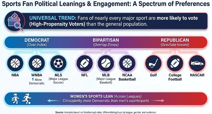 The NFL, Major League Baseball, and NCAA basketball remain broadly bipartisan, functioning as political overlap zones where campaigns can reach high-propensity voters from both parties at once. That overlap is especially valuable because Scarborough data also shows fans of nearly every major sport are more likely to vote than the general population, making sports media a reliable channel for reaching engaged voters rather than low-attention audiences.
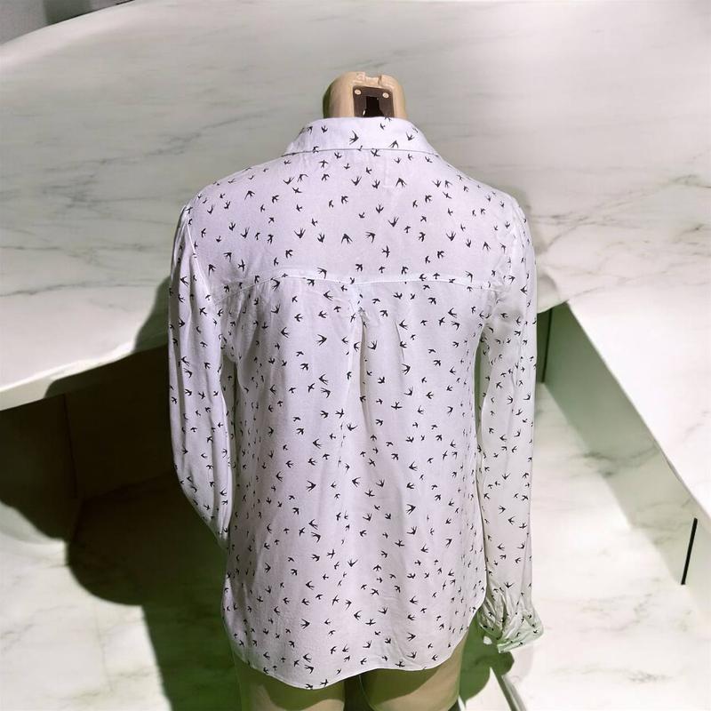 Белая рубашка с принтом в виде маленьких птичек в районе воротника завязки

══════

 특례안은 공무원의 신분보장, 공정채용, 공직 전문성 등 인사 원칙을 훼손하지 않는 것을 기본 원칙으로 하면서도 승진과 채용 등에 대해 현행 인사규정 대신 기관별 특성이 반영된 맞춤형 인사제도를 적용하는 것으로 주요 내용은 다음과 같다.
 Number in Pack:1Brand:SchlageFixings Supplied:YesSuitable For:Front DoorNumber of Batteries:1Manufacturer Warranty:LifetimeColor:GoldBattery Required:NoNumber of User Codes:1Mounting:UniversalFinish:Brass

══════

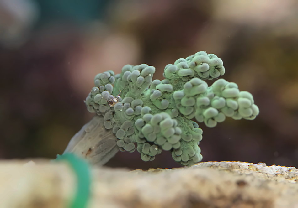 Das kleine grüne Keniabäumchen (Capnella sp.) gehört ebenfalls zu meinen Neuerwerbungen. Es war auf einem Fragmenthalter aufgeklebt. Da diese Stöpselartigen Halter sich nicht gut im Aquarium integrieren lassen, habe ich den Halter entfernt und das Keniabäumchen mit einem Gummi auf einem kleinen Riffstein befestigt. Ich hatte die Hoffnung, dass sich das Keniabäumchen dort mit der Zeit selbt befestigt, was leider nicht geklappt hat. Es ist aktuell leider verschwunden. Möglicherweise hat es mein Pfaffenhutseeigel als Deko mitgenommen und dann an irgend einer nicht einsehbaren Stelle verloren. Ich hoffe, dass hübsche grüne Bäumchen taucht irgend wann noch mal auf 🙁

══════

§ TASK GOAL: Transcribe only this stretch of the data: the line with "The NFL, Major", the line with "Белая рубашка с", and every line in between. Leave out the pictures.

§ RESULT OF THE EXERCISE:
 The NFL, Major League Baseball, and NCAA basketball remain broadly bipartisan, functioning as political overlap zones where campaigns can reach high-propensity voters from both parties at once. That overlap is especially valuable because Scarborough data also shows fans of nearly every major sport are more likely to vote than the general population, making sports media a reliable channel for reaching engaged voters rather than low-attention audiences.
 Белая рубашка с принтом в виде маленьких птичек в районе воротника завязки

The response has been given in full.